* [Task instructions]: Given these entries, repeat exactly the lines starting with the one that has "If you're in" and going on through the one that has "Product information: ANACARE", both included, but none of the pictures.

* [The input]:
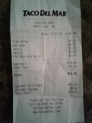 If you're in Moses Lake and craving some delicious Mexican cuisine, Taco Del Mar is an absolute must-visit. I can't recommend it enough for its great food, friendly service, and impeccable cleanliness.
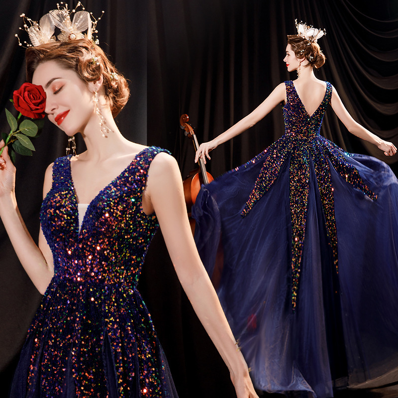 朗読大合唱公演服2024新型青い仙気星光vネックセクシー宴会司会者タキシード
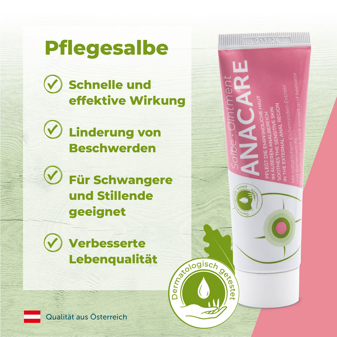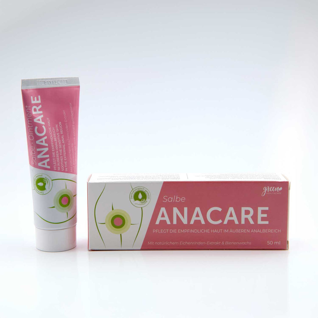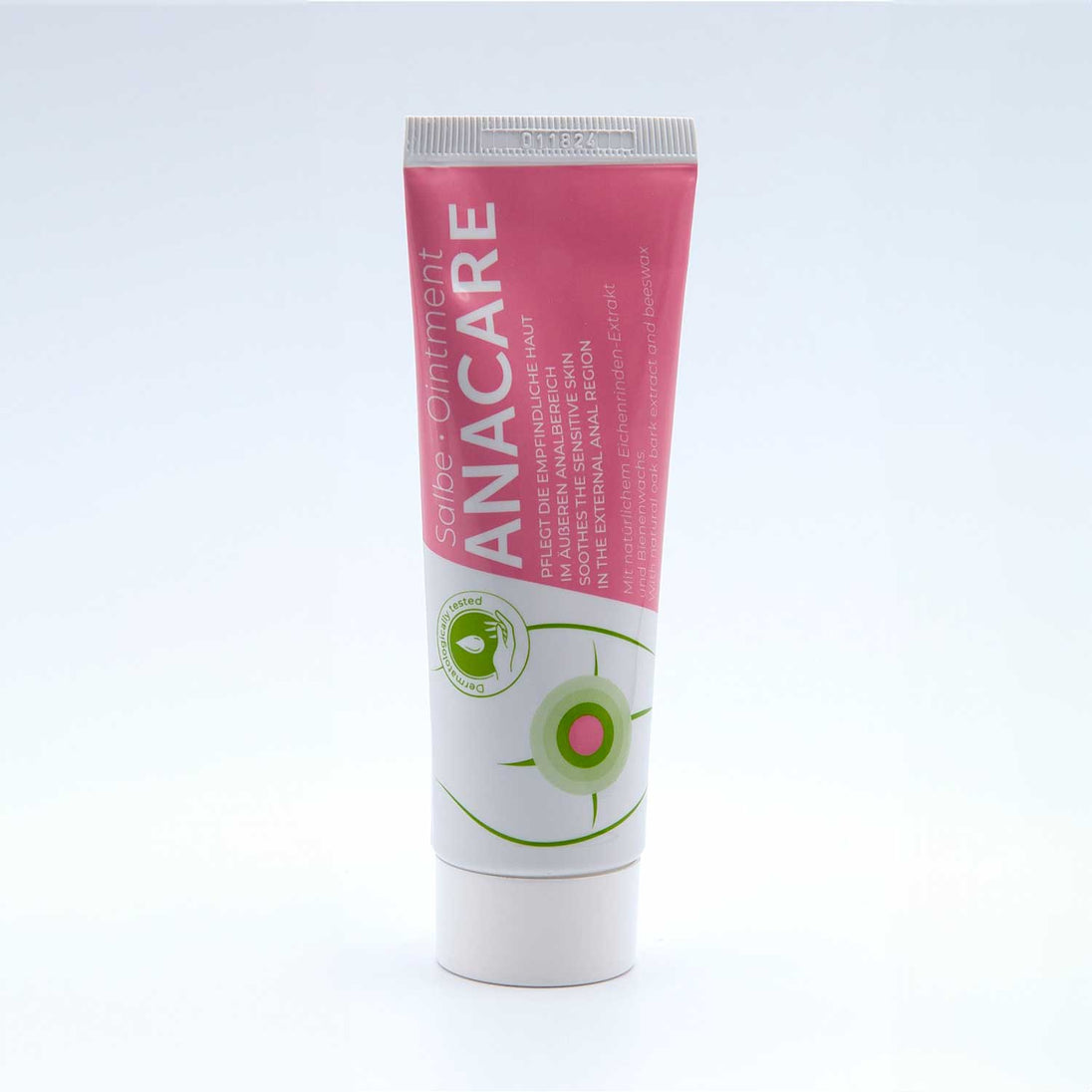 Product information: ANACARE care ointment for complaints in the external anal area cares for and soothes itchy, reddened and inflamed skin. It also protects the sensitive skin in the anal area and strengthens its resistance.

* * *

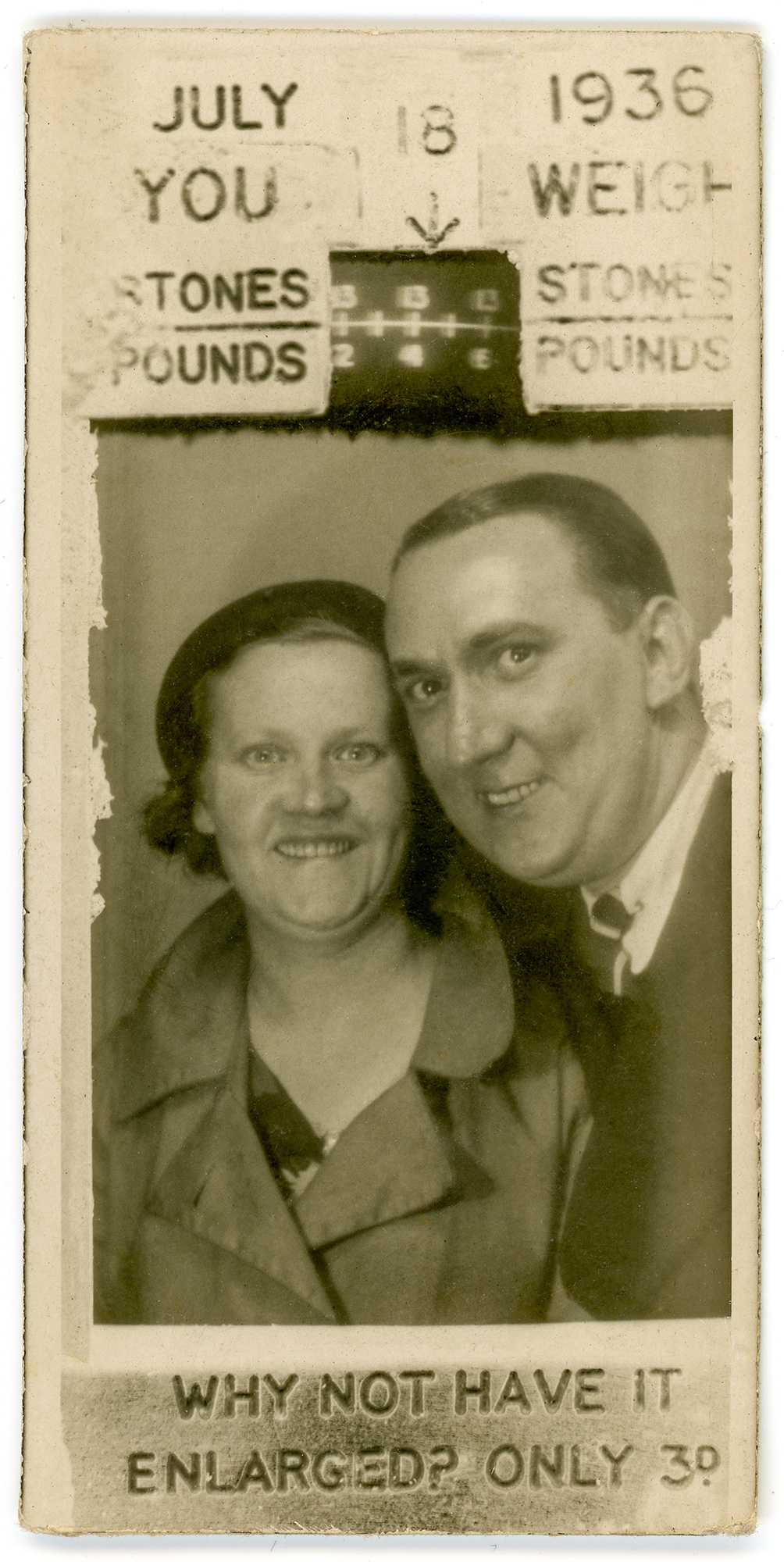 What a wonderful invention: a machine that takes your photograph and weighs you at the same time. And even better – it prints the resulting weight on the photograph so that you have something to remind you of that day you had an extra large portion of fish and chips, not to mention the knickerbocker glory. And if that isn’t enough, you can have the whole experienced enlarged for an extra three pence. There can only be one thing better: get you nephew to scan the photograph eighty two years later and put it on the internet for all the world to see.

* [Result below]:
 If you're in Moses Lake and craving some delicious Mexican cuisine, Taco Del Mar is an absolute must-visit. I can't recommend it enough for its great food, friendly service, and impeccable cleanliness.
 朗読大合唱公演服2024新型青い仙気星光vネックセクシー宴会司会者タキシード
 Product information: ANACARE care ointment for complaints in the external anal area cares for and soothes itchy, reddened and inflamed skin. It also protects the sensitive skin in the anal area and strengthens its resistance.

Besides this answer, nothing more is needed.